Revisiting the stories of EUROmad 2023

While this year’s delegates are preparing for the upcoming MUNUCCLE 2023, let us rewind back to April, when memories were made during EUROmad 2023.

EUROmad is a simulation, or rather a modeling of European Union’s institutions, organized by the school: le Lycée Français de Madrid, since 2019. It’s objective being to encourage the “art” of debating among students. Below, you can find two short accounts covering the happenings of the “art” mentioned.

A snapshot of first debates

In the Agriculture and Food Sovereignty Commission the discussion seemed to be reaching the same two conclusions: food security is our priority and olive oil makes for the best example of a non-essential product. This remains debatable. Nevertheless, a vast alliance of countries, with Greece taking the floor, proposed the following amendment to Article 2: to aid the economy through imposing a slightly heavier tax on non-essential products. Consequently, encouraging countries to prioritize vital essential products. Croatia swiftly formulated a counter-point: countries such as Greece, whose agricultural sector relies on exports of non-essential products (yes, olive-oil) would be, in a sense, penalized. Furthermore, the prices of all the non-essential products would sky-rocket, resulting in another crisis. A silent agreement between countries was arising gradually. The alliance, despite its motivation, failed to fend off the points that were made. The vote represented the truth: even some of the allies voted against their amendment, it got rejected and we went to lunch.

Maybe if you read the article again” Croatia to Romania

The introduction of external players to the Agriculture and Food Security Commission disrupted the usual flow of the discussion.

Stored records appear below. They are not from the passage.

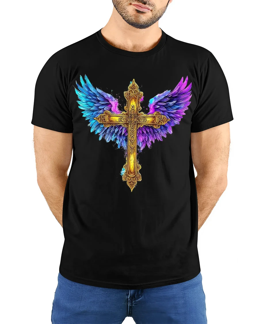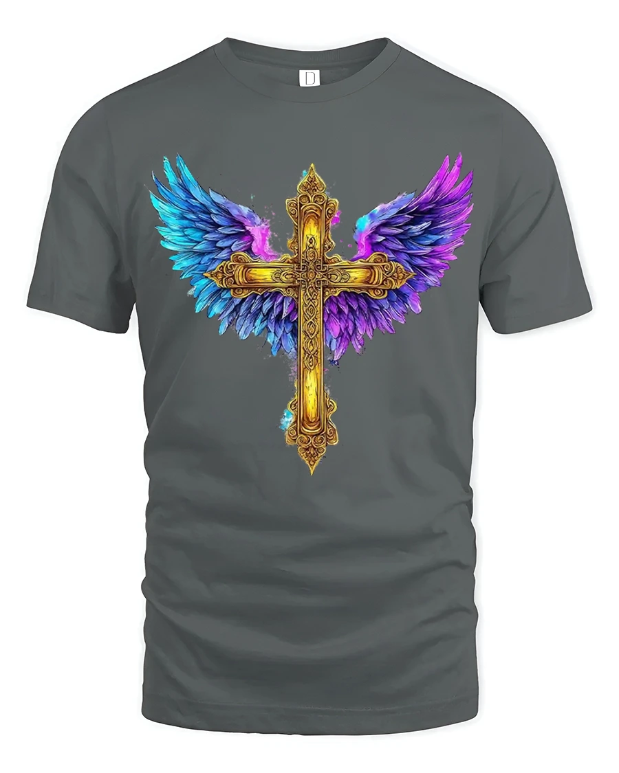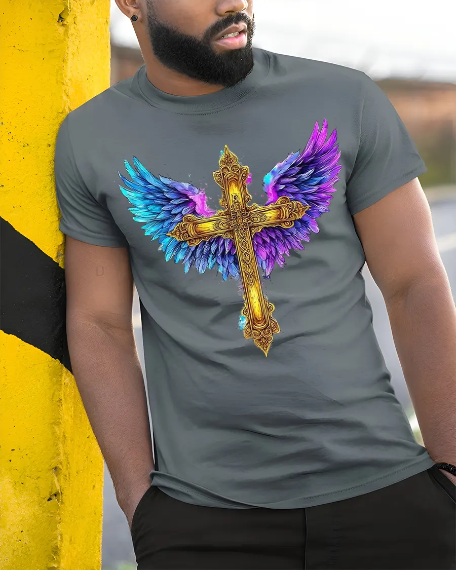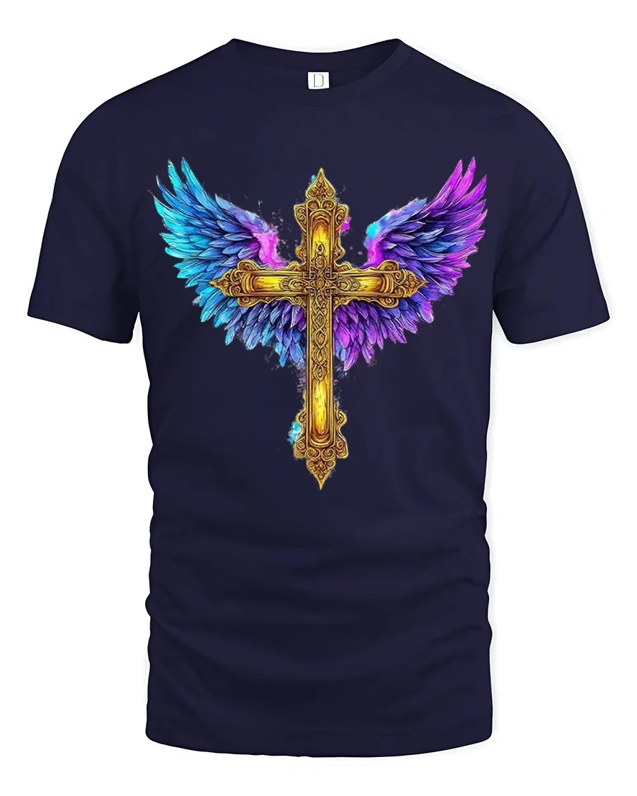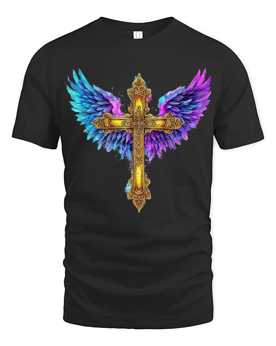 The Golden Angel Wings Cross Faith Art Graphic T Shirt Design combines spiritual symbolism with powerful artistic beauty.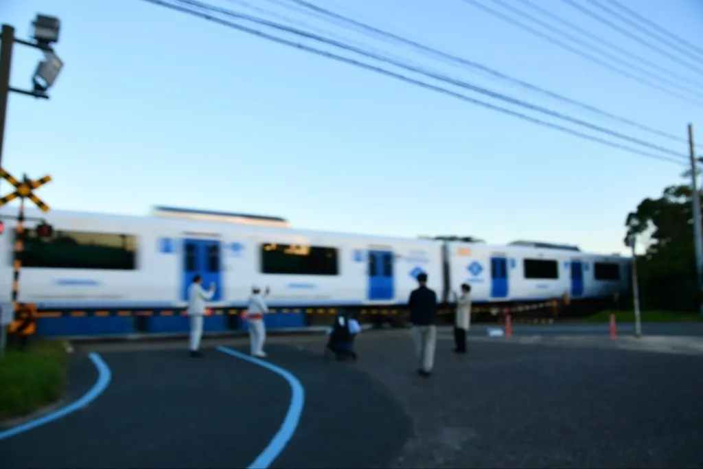 リチウムイオンバッテリーで走るDENCHAが横切りました🔋列車もバッテリーで走る時代が来ています😼
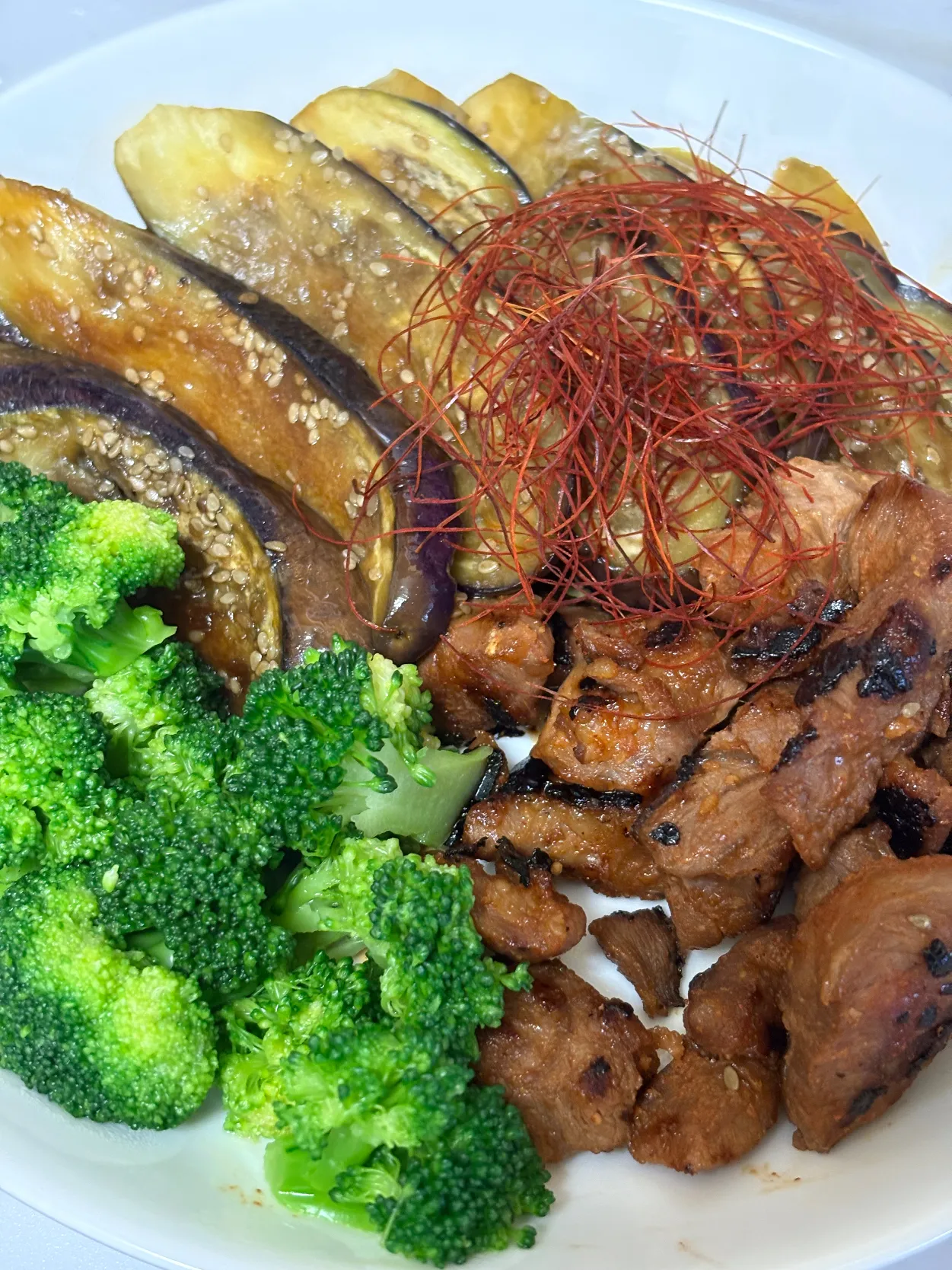 ナス🍆とカシラを甘辛焼きにしました🥰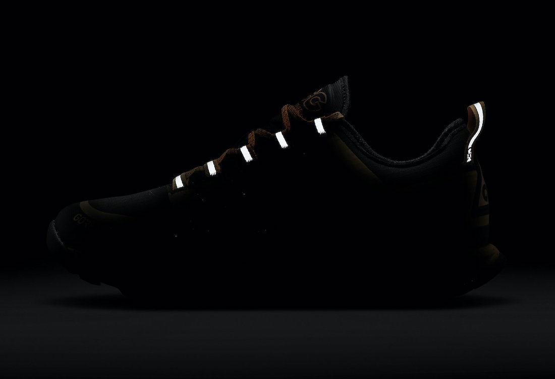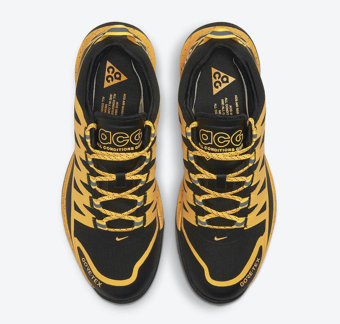 鞋面采用黑色为主黄色点缀的 GORE-TEX 材质打造,防水性得到极大地提高,颜值也有不俗表现。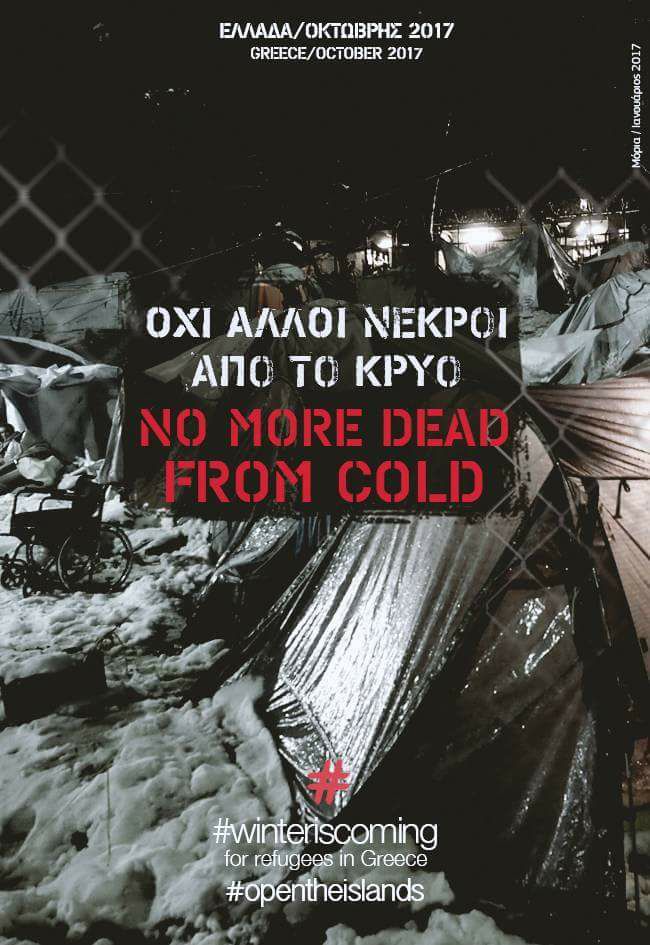 Σαράντα-τρεις ομάδες και οργανώσεις αλληλλεγγύης που δρουν στα ελληνικά νησιά και την ηπειρωτική χώρα καλούν τις ντόπιες και κεντρικές αρχές να λάβουν επειγόντως μέτρα ώστε να αποφευχθούν περισσότεροι θάνατοι προσφύγων από το κρύο, καθώς ο χειμώνας πλησιάζει. Με το μήνυμα #opentheislands (ανοίξτε τα νησιά) ζητούν να αποσυμφορηθούν τα νησιά, να κλείσουν τα χοτ- σποτ, να απεγκλωβιστούν οι πρόσφυγες και να ακυρωθεί η κοινή δήλωση ΕΕ- Τουρκίας.

Croatia’s amendment to Article 6 put forward a cooperation with Total Energies- a European oil giant. Due to its engagement with EU’s agriculture, it would make for a great candidate to supervise agricultural companies.

Well, at least according to Croatia. Belgium, impatient to take the table, whipped out in response a quote from a BBC article. “French oil company Total Energies knew at least 50 years ago about a link between burning fossil fuels and global warming.” The question begs to be posed: how can we trust them? Croatia continued on unphased: “None of us cared about climate change 50 years ago.” Society has changed and so did the company’s CEOs. It’s better to trust insiders from the European Union rather than outsiders such as the alternative company Tiktok. 

Romania, however, wasn’t as keen to give the company the benefit of the doubt. It compared Croatia’s position as “’asking the member states to hand over power to Total Energies solely based on their supposed good will.” The response was straightforward: “Maybe if you read the article again, you would know the company has to comply to our regulations. We define the rules.”

Approaching the end, Finland made one last effort to oppose Croatia by arguing the project wouldn’t push the agricultural sector far enough to fight climate change. Despite Croatia’s conclusion, that the first step is always to start and give a better future to our children, the countries agreed in unison not to pass the amendment.